Community Article

Connection Pooling, PgBouncer, and the Prisma Trap

What a connection pool actually does, why your Postgres falls over at 200 connections, where PgBouncer sits, and the prepared-statement bug that bites every Prisma team that adds it the wrong way.

Connection Pooling, PgBouncer, and the Prisma Trap

What a connection pool actually does, why your Postgres falls over at 200 connections, where PgBouncer sits, and the prepared-statement bug that bites every Prisma team that adds it the wrong way.

database
performance
backend
scalability
reliability
ananyanakamura

By @ananyanakamura

January 8, 2026

·

Updated May 20, 2026

322 views

2

4.3 (13)

Every team I have worked with hits the same wall around the time their app starts to take real traffic. Postgres connections climb past 100, then 200, p99 latency starts to creep, and someone opens a ticket that says "the database is slow". The database is not slow. The database is out of connections, or close to it, and the cost of opening new ones is eating your tail latency. The fix is connection pooling. The way you add it determines whether the fix is a one-day change or a six-month adventure with prepared-statement bugs in production.

This article is the one I wish I had read before I shipped my first PgBouncer setup. What a connection actually costs, where the pool should sit, the difference between session and transaction pooling, and why every team that introduces PgBouncer in front of an ORM (especially Prisma) hits the same prepared-statement issue and has to figure out the same fix.

What a Postgres connection actually costs

When your app opens a new Postgres connection, the server forks a backend process. That process holds memory (work_mem allocations, plan cache, prepared statements), file descriptors, and a TCP socket. Postgres is process-per-connection, not thread-per-connection. The default max_connections is 100. Crossing that limit means new connections fail outright.

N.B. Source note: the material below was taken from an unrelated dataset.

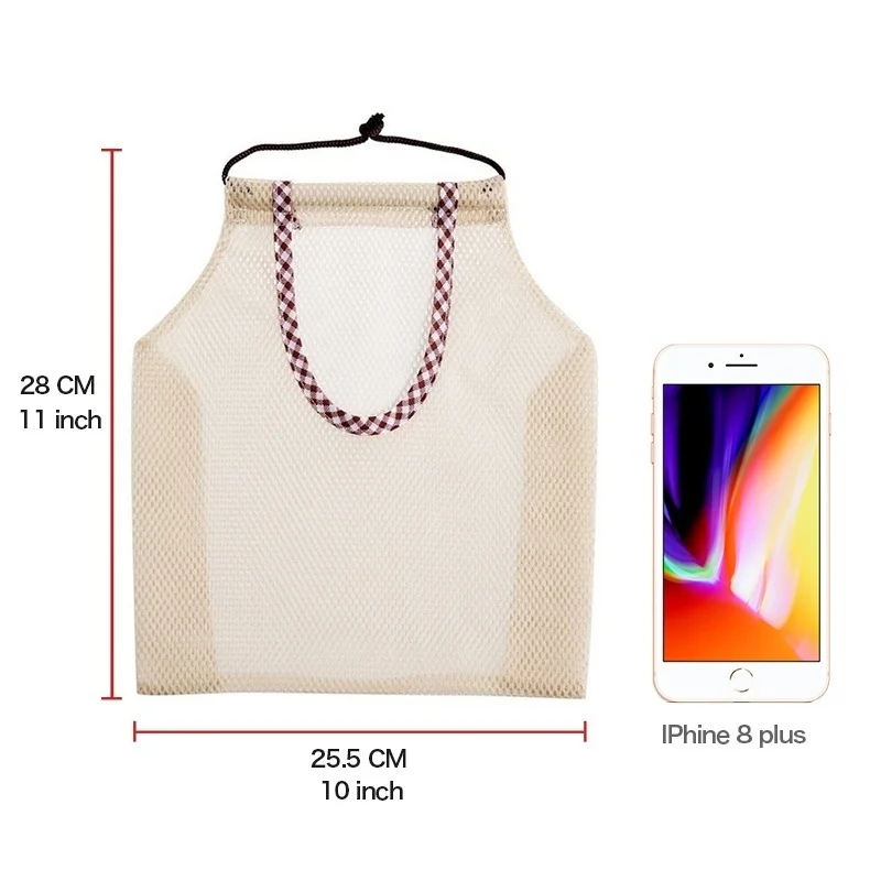 Особенности: Используется усовершенствованная многонитевая нейлоновая сетка, легкая и прочная. Идеально подходит для защиты или хранения мешков для мусора, чеснока, имбиря, лука и т. д. Легкая портативность и удобная в использовании серая сетка настолько четкая, что все могут видеть, что внутри удобно вам при приготовлении пищи на кухне. Эти сетчатые мешки предназначены для поддержания оптимальной влажности и сохранение свежести фруктов и овощей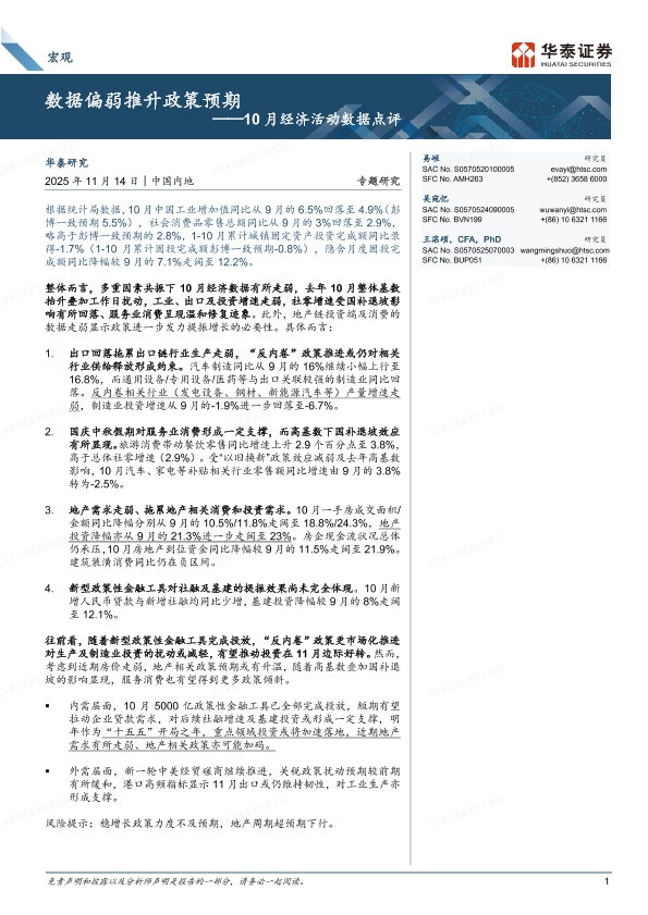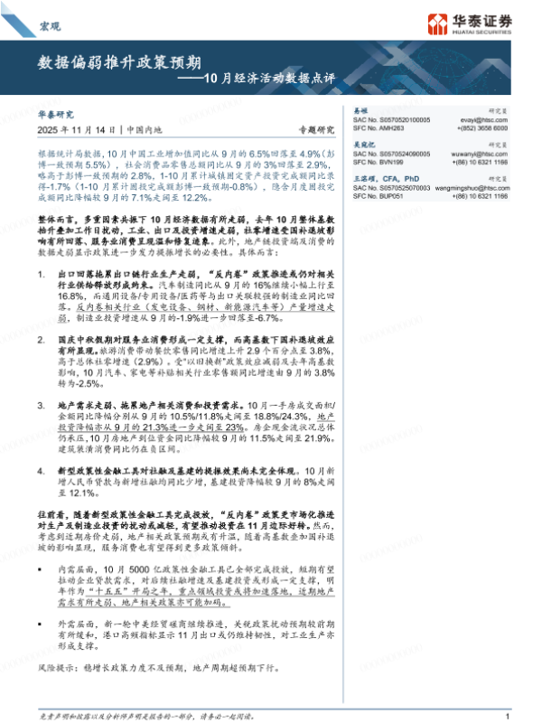 【华泰证券】【202511】数据偏弱推升政策预期——10月经济活动数据点评-10页

Even within the limit, idle connections are not free. A typical idle backend holds 5-10MB of RAM. With 200 idle connections, that is 1-2GB of RAM doing nothing. With 1000, you are out of memory. The Postgres team's official guidance is roughly "do not have more connections than (number of CPU cores) * 2 to 4", because each backend competes for shared resources (the shared buffer pool, lock manager, autovacuum). A 4-core box with 50+ active connections is thrashing.

Most app servers want one connection per request, scaled to the request concurrency. A Node service with 100 concurrent requests wants 100 connections. Run 10 instances and you want 1000. 1000 connections to a Postgres tuned for 100 is the wall.

What a connection pool actually does

A connection pool sits between your app and Postgres, holding a fixed set of long-lived connections to the database and handing them out to clients on demand. The math changes:

Without pool:
  10 app instances * 100 concurrent requests = 1000 Postgres connections

With a transaction-mode PgBouncer in front:
  10 app instances * 100 concurrent requests = 1000 PgBouncer connections (cheap, no fork)
  PgBouncer to Postgres: configured with default_pool_size = 25
  -> 25 actual Postgres connections, shared across all clients

PgBouncer holds one connection per concurrent transaction, not per concurrent client. If your transactions take 5ms on average, 25 backend connections can serve 5000 transactions per second. The frontend can have many more clients than the backend has connections, which is the entire point.

Session, transaction, and statement pooling

PgBouncer offers three pooling modes; the difference between them is what determines correctness for your application.

Session pooling assigns a backend connection to a client for the entire duration of the client's session. Behaves identically to a direct connection. Safe for everything, but reduces the multiplexing benefit: 1000 long-lived clients still need 1000 backend connections.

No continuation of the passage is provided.